妖、追う。


さて。

どれほどの妖の名前があるのか。

ぱらぱら…と友人帳をめくって眺めていると、突然木の上から黒い物が降ってきた。

「それは友人帳だなぁ?よこせぇ!」

「なっ…!」


私としたことがすっかり油断してしまっていた。

その黒く長い髪を振り乱した下等な妖は私から夏目の鞄ごとひったくると素早く逃げて行く。

「おのれ!待たぬか、愚か者!」


追いかけるが、人の姿だと何ぶん、分が悪い。

見失わないように駆けて行くのが精いっぱいだ。

しかし、上を向いて走っていたので道端の何かに躓いて無様に転んでしまった。

ばっと起き上がった時には既に妖は見えなくなっていた。

「くそっ!運の良い奴め!」

ぎしり、と歯を噛みしめながら唸った時

「おい。私を蹴っておきながら謝罪の一つもないとはどういうことだ」

足元から声がした。

何がいるのかと見下ろすと

「ぎゃっ!変なブサ猫が喋りおった!」

思わず飛び上がって驚く。

「変なブサ猫だと!?このプリティな私に何ということを!」

なんとも不思議な生き物がこの世にはいたものだ。

ちんちくりんな体でぷんすかと怒るそれを私はつまみあげる。

「…。

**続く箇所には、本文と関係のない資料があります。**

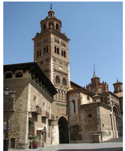
Catedral y Torre S. XIII
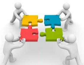
«SOFT SKILLS для социальных предпринимателей»
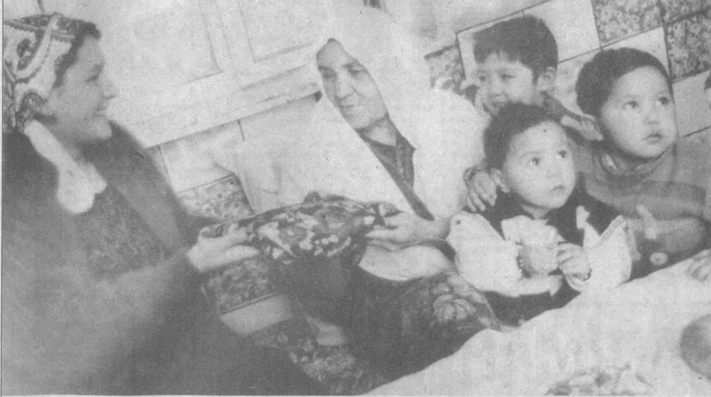
Бағри тўлиқ бўлар мудом ўзбекининг.
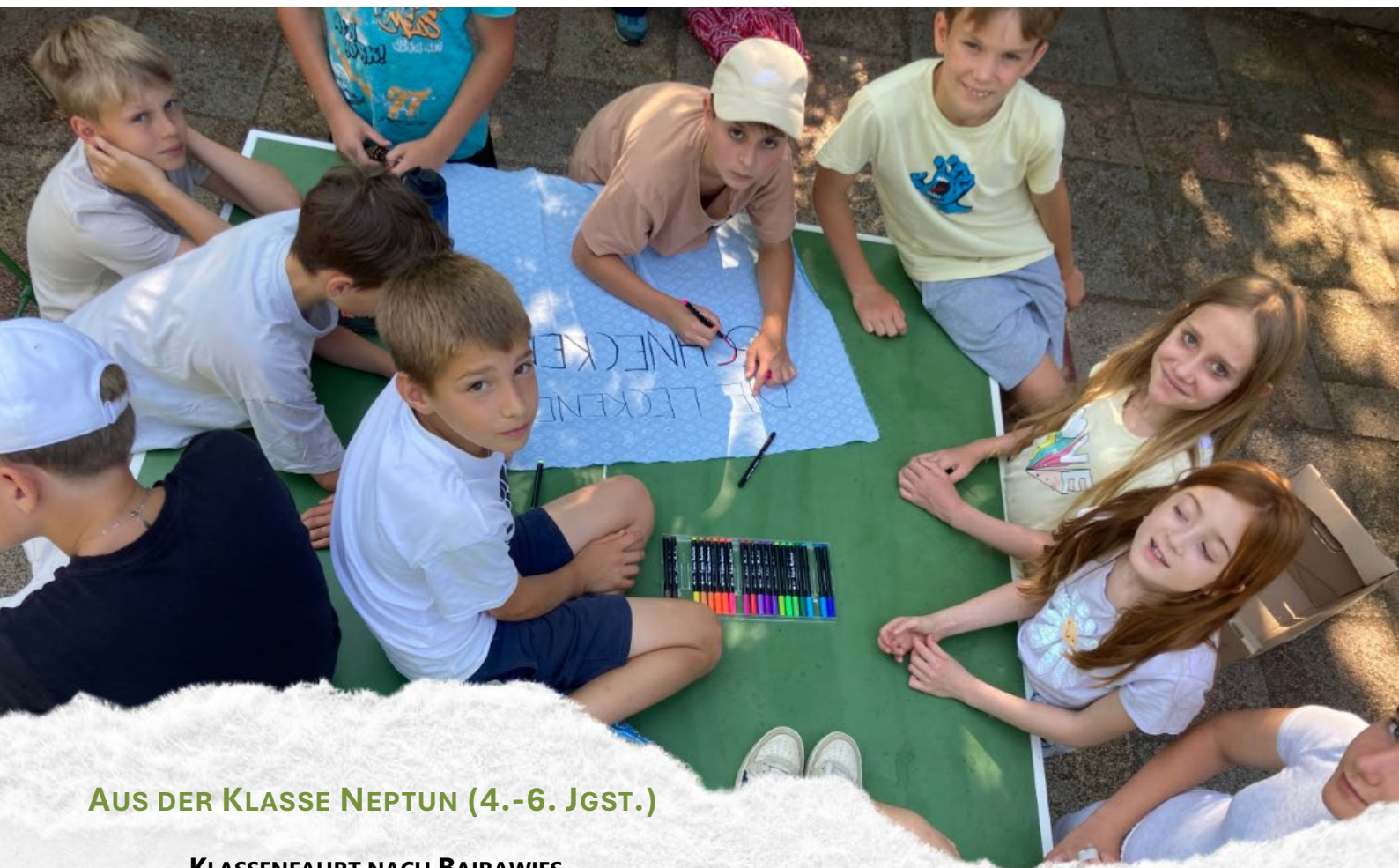
AUS DER KLASSE NEPTUN (4.-6. JGST.)
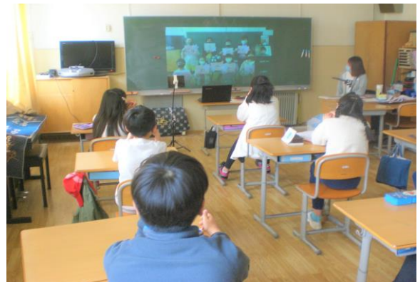
（オンラインで1年生を応援）
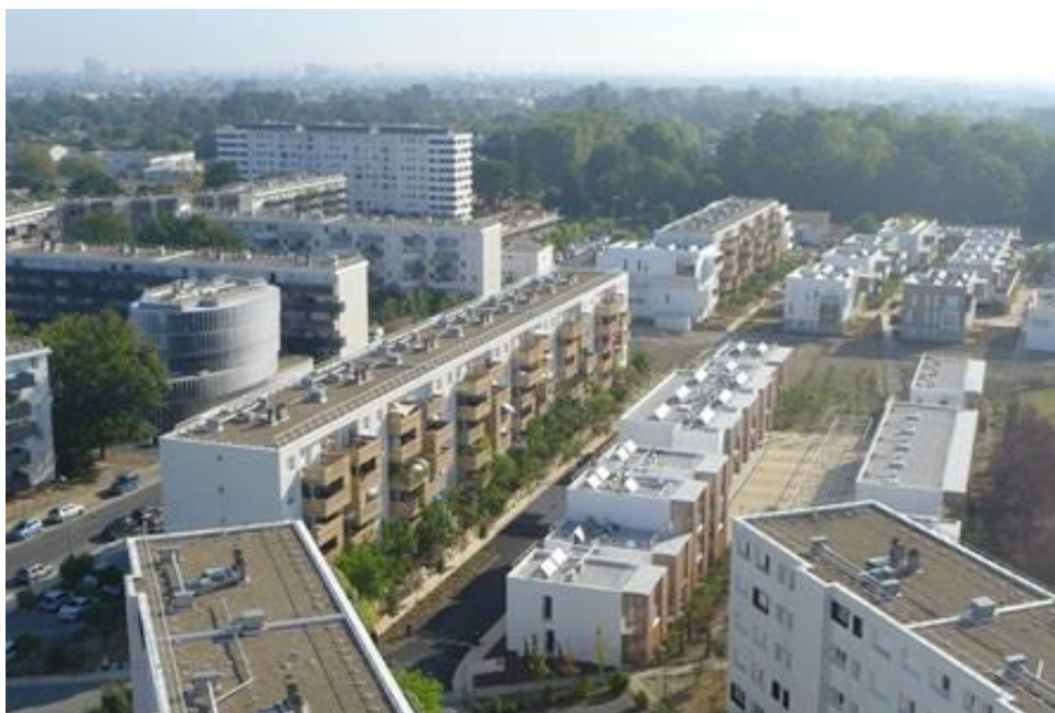
Arago aujourd'hui, après 5 ans de travaux.

Après avoir été primé en 2015 pour ses performances énergétiques par GrDF et l'Union Sociale pour l'Habitat, Arago est en cours de labellisation EcoQuartier par le Ministère du Logement et de l'Habitat durable.

お前、人の子か?」

つまみあげられたブサ猫が尋ねてくるが、答える前にブサ猫は一人で納得してしまった。

「むぅ。夏目のとこの学校の制服じゃないか。しまったな。つい話してしまった」

「夏目を知っているのか?」

何でこんな話すブサ猫が夏目の名を出すのか。

驚いて聞くと、ブサ猫は観察するようにじっくりとこっちを見てきた。

「お前、妖が見えるのか?…そういえば、さっきも何やら妖を追っていたみたいだったな」

こっちが質問しているのに無視をするとは肝の据わった奴め。

しかし、その言葉で思い出した。

「おのれ!このブサ猫め!貴様のせいであの妖を見失ってしまったではないか!」

腹立たしくなって、ブサ猫の耳を思いっきり引っ張ってやる。

「いたた!何をする!やめろ!」

「やめぬわ!貴様のせいで!貴様のせいで…!」

「分かった!話を聞くから離せ!」

ブサ猫がぎゃあぎゃあうるさく喚く。

むぅ。まだ腹立たしいが、うるさいから離してやろう。

猫を下に降ろして、私も地面に腰を下ろす。

「…ふぅ。乱暴な奴め。一体何があったんだ」

「…。夏目の荷物を奴に盗られた」

「……な、なにぃい!?」

うるさいぞ、ブサ猫め。

耳をおさえて睨むが、ブサ猫は一向に気にした様子もなくあたふたしている。

「な、何故お前が夏目の荷物を!?あのアホモヤシめ!大切な友人帳を…!いかん!すぐに取り返さねば!」

「…今更遅いわ。貴様のせいで奴も見失ってしまった」

頬杖をつきながら諦めたように言うと、ブサ猫はぐわっと吠える。

「奴の去った方向なら見ていた!今すぐ追うぞ!」

なんと。
こんなブサ猫が役に立つとは。

本当に世の中は分からんものだ。

「よし!案内しろ、ブサ猫!」

「ブサ猫と言うな!私には斑という素晴らしい名があるのだ!」

「うるさい!そんなのどうでも良いわ!行くぞ!」

こうして、私はブサ猫を脇に抱えて走り出したのだった。